• **WORK TASK**
Which lines below fall between the one containing "미담타임스 김준완 기자" and the one containing "- 市では、小中学校の通学路"? Repeat them exactly, counting both of those lines, and add nothing else.

• **DATA**
━━━━━━━━━━━━━━━━━━━━━━━━━━━━━━

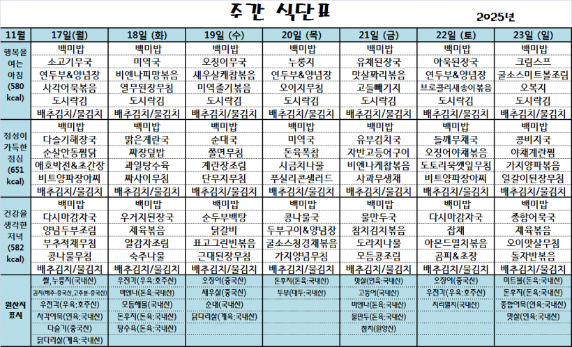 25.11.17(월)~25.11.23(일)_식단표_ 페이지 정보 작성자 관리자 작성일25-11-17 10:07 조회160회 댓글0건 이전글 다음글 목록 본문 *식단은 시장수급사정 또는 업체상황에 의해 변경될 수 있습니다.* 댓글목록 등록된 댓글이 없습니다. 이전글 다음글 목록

━━━━━━━━━━━━━━━━━━━━━━━━━━━━━━

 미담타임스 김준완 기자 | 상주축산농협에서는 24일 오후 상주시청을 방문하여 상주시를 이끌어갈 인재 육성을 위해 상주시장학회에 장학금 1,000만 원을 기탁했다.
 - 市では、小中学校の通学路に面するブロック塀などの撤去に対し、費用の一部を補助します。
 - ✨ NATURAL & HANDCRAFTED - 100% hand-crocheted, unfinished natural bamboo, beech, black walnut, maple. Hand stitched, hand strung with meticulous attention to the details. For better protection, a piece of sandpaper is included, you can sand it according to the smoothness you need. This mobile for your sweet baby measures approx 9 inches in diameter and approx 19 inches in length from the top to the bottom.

━━━━━━━━━━━━━━━━━━━━━━━━━━━━━━

• **TASK RESPONSE**
 미담타임스 김준완 기자 | 상주축산농협에서는 24일 오후 상주시청을 방문하여 상주시를 이끌어갈 인재 육성을 위해 상주시장학회에 장학금 1,000만 원을 기탁했다.
 - 市では、小中学校の通学路に面するブロック塀などの撤去に対し、費用の一部を補助します。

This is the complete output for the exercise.